Sam Klempner, MD: Yes. Not that I’m aware of. People have looked at various circulating angiogenesis-associated factors, even finding one and then ultimately translating it to the clinic is another story. But yes, I’m not aware of any reliable robust biomarkers for that setting. Maybe since we’re talking about later line settings we can talk about, what do you do, let’s say someone has progressed after that pac/ram and you’re looking in the third-line space, and particularly, what do we do now that the FDA [Food and Drug Administration] has removed the label for pembrolizumab [Keytruda] in the CPS [combined positive score]-positive patients?
Daniel Catenacci, MD: Yes. I mentioned my preferred second-line is FOLFIRI [folinic acid, fluorouracil, and irinotecan]/ram [ramucirumab]. If it’s my patient and they’ve gone through FOLFOX/nivo or FOLFOX and then FOLFIRI/ram, then I would consider taxane, which would still be an effective option at that point. There are studies evaluating chemotherapy plus ram beyond progression after second-line ram and ram in third-line, but that’s a study that’s ongoing. I wouldn’t do that off-label at this point. The other option you already mentioned was trifluridine and tipiracil, the other oral chemotherapy agent based on the randomized phase 3 TAGS study. And then the other only option had been pembrolizumab for CPS1 or higher tumors but as you point out, it’s been reviewed by and it was recommended to be removed.
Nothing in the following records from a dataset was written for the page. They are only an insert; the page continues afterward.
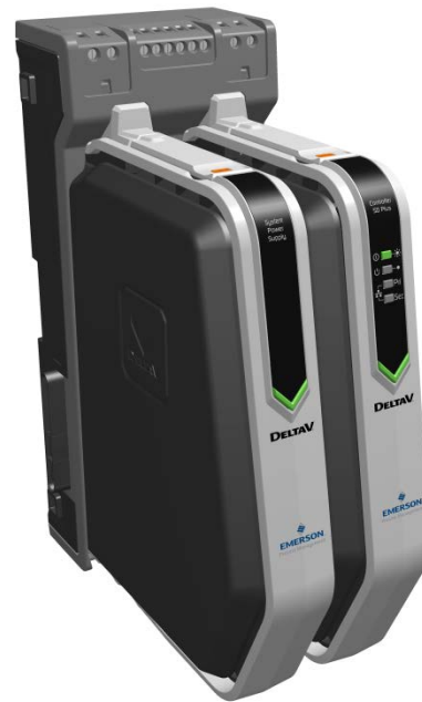
The SD Plus Controller

Field Proven Architecture. The S-Series controllers are an evolution of DeltaV M-Series hardware. The new design delivers installation and robustness enhancement while still using the same processor and OS that has proven itself in the field. All S-series I/O cards run the latest software enhancements of corresponding M-Series I/O cards and deliver the same field proven, reliable operation.
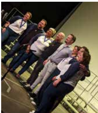
Barberlicious and Vocal Spectrum

and supporting some of our Barbershop communities. In March, we were privileged to support the faculty at LABBS and BABS Education and Judging Singing Day in Coventry. As well as having an amazing day of singing and learning, we also raised over £700 towards our trip to BHS in Cleveland, selling cake, pins, keyrings and raffle tickets. A huge thank you to friends from Crystal Chords and Silver Lining for their donations to the raffle, baking cakes and some delicious chutneys and preserves. We are blown away by all the amazing help and support we have been given - it really means the world.
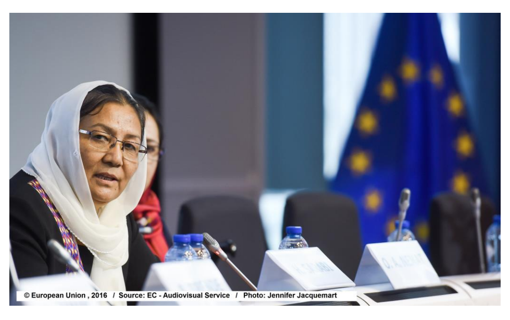
Habiba Sarabi, Deputy Chairperson of the Afghanistan High Peace Council (HPC) speaking at the conference "Empowered women, prosperous Afghanistan".

Not to mention, most, if not all, of these patients that are PD-L1 at least 5 or higher, are going to be getting it in first-line. For me, in my practice, the patients who should be exposed to immunotherapy would already have been and those that hadn’t been exposed, those the less than 1 or 0, there is a reason why they weren’t exposed and clinical trials are always recommended. There might be an argument for rechecking if they’re a 0 or less than 5, they’ve not had a PD-L1 inhibitor, and if it was positive, one could consider trying to get nivo vs for first-line. If they’re a HER2-positive patient and didn’t get trastuzumab in first-line, you might try to get it for later if you found out later they were HER2 positive. Something like that. Overall, that the third-line setting, only about 30% of patients get to third-line, and always clinical trials should be encouraged and emphasized at that point.
Sam Klempner, MD: Yes. I don’t have much to add there. There’s this weird window period where there’s going to be some patients who have been on FOLFOX frontline, never got IO, and maybe that’s someone to be considered in this period while frontline IO is uptaking.